# Neural Networks: Additional Resources

- https://missinglink.ai/guides/neural-network-concepts/neural-network-bias-bias-neuron-overfitting-underfitting/
- https://machinelearningmastery.com/neural-networks-are-function-approximators/
- http://www.wildml.com/deep-learning-glossary/
- https://machinelearningmastery.com/neural-networks-crash-course/
- https://ml-cheatsheet.readthedocs.io/en/latest/backpropagation.html
- https://machinelearningmastery.com/loss-and-loss-functions-for-training-deep-learning-neural-networks/
- https://intellipaat.com/community/253/role-of-bias-in-neural-networks
- https://towardsdatascience.com/implementing-the-xor-gate-using-backpropagation-in-neural-networks-c1f255b4f20d

In [6]:
import numpy as np
import pandas as pd
import matplotlib.pyplot as plt

![Perceptron classification](https://images.slideplayer.com/32/9869800/slides/slide_5.jpg)

# Basic formula for a simple perceptron

### Single input formula
`y = wx + bias`

### Multi-input formula
`y = (w1*x1 + w2*x2 + w3*x3 + wi*xi) + bias`

- Where y is the output, w is the weight applied to the input, x is the input, and bias is a constant that helps activate the neuron.
- This formula creates a straight line to linearly separate the classes
- A single layer perceptron is only able to separate data points with a single line

### Single Layer Perceptron without an Activation Function

- In the image below, $a_i$ indicates the inputs, $w_i$ indicates the weights for each input, $b$ is the bias added to the sum of the products, and $n$ is the number of inputs)
- The image below does not show an activation function

![Single layer perceptron equation](https://encrypted-tbn0.gstatic.com/images?q=tbn%3AANd9GcTd676zk19cW48MOWxUjOSfuwiD-xFrx78T8zF8wgd6U5-UoZdJ)

### Single Layer Perceptron with an Activation Function

- After the weights are multiplied to the inputs, the products are summed and passed to the activation function.

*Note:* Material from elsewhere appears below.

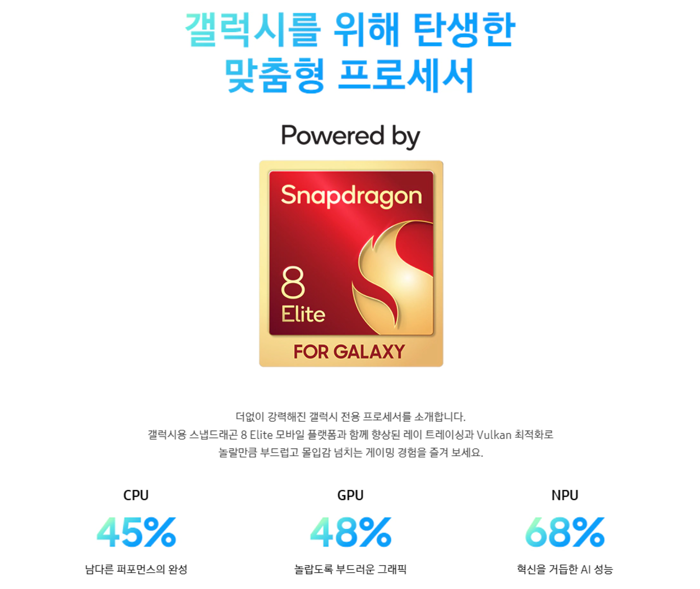 프로세서 | 퀄컴 스냅드래곤 8 Elite for Galaxy |

![Simple Layer Perceptron w/out bias](https://www.allaboutcircuits.com/uploads/articles/how-to-train-a-basic-perceptron-neural-network_rk_aac_image1.jpg)

### Bias

- The bias neuron is a special neuron added to each layer in the neural network, which simply stores the value of 1. This makes it possible to move or "translate" the activation function left or right on the graph.
- Without a bias neuron, each neuron takes the input and multiplies it by a weight, with nothing else added to the equation.
- So, for example, it is not possible to input a value of 0 and output 2.
- In many cases, it is necessary to move the entire activation function to the left or right to generate the required output values -- this is made possible by the bias.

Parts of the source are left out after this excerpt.